◆ **TASK GOAL**: Below are some records; output exactly the lines from the line with "Mercator 1569 world" to the line with "Laura Kuenssberg at", both ends kept, and nothing more.
*** Opening of INFORMATION ***
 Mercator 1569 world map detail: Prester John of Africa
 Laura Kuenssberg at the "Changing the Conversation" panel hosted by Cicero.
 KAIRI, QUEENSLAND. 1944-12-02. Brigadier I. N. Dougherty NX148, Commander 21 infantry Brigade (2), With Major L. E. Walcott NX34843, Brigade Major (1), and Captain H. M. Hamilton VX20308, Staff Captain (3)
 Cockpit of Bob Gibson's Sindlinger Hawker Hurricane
*** Close of INFORMATION ***
*** Opening of INFORMATION ***
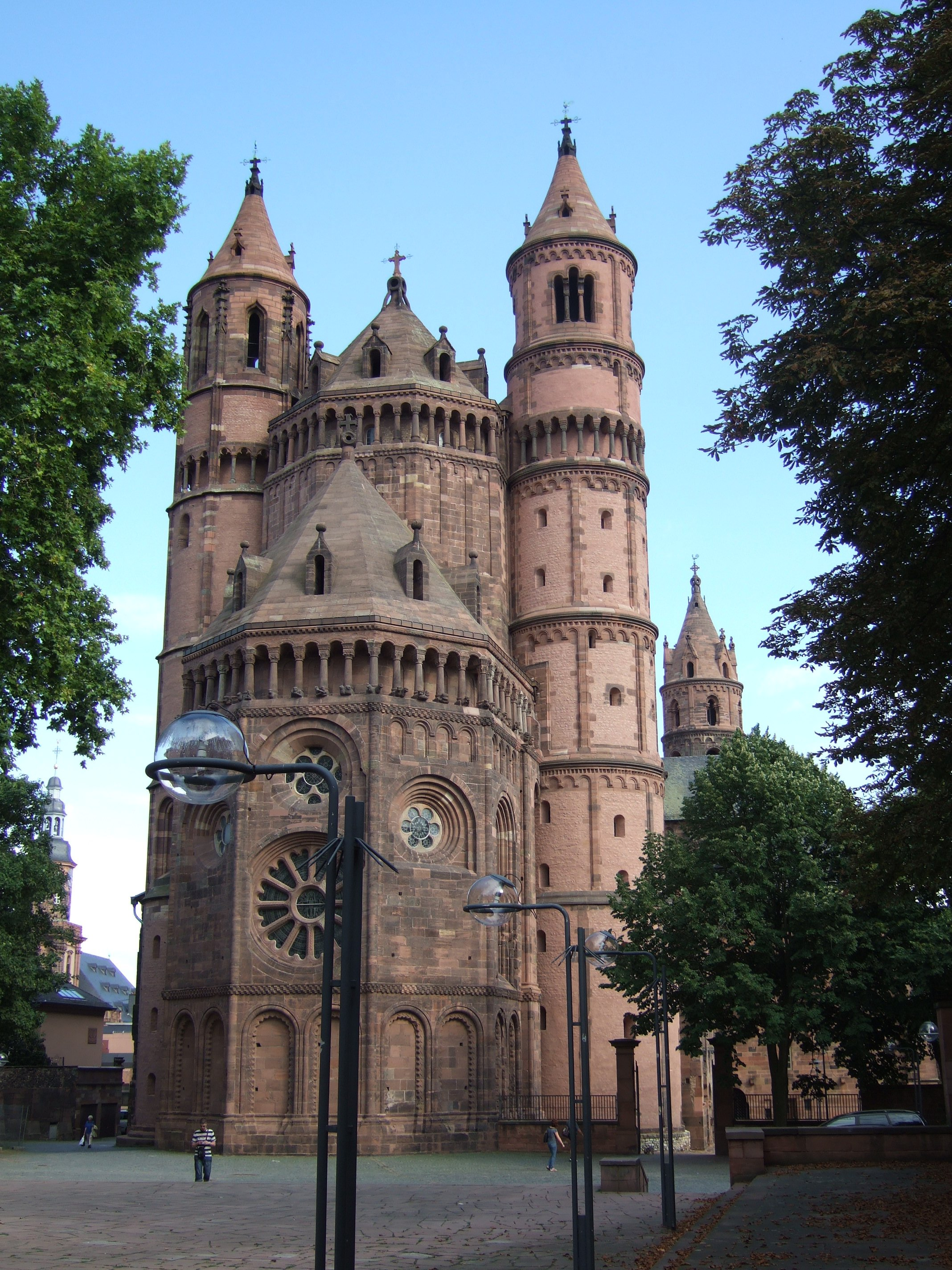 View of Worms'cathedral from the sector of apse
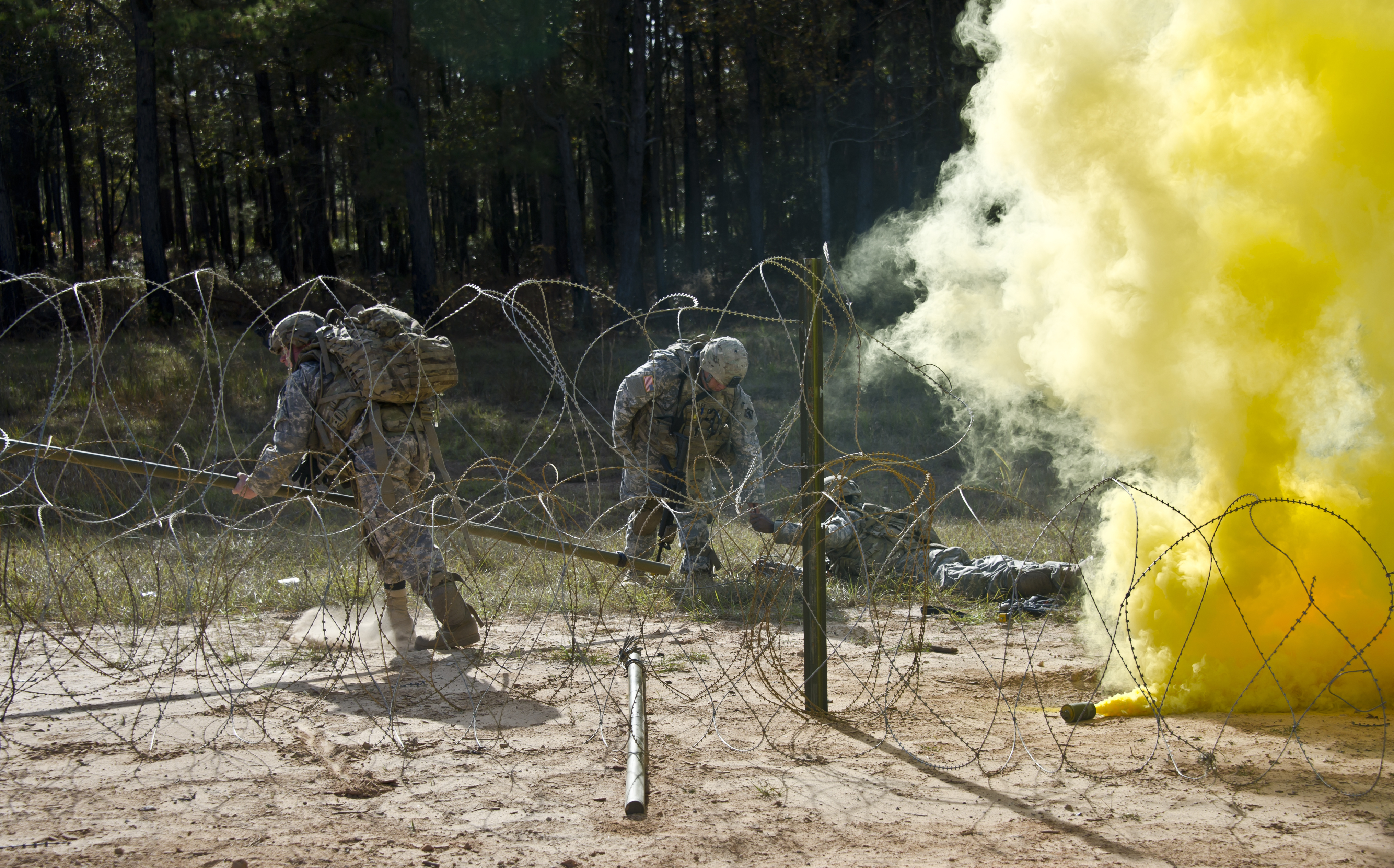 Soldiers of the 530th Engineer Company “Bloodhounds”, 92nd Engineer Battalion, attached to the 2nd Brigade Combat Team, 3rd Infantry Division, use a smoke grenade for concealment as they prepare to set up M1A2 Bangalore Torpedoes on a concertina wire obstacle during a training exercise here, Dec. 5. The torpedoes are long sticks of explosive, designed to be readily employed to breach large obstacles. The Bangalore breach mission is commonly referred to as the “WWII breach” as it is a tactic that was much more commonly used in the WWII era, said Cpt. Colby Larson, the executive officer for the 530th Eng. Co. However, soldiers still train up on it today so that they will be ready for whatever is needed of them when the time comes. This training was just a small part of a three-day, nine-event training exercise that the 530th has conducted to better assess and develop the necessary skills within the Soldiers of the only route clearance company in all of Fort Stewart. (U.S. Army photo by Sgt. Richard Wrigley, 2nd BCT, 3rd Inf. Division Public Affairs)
*** Close of INFORMATION ***
*** Opening of INFORMATION ***
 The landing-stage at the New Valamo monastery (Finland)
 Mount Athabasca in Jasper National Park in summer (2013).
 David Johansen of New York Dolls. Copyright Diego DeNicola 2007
*** Close of INFORMATION ***
◆ **SOLUTION**:
 Mercator 1569 world map detail: Prester John of Africa
 Laura Kuenssberg at the "Changing the Conversation" panel hosted by Cicero.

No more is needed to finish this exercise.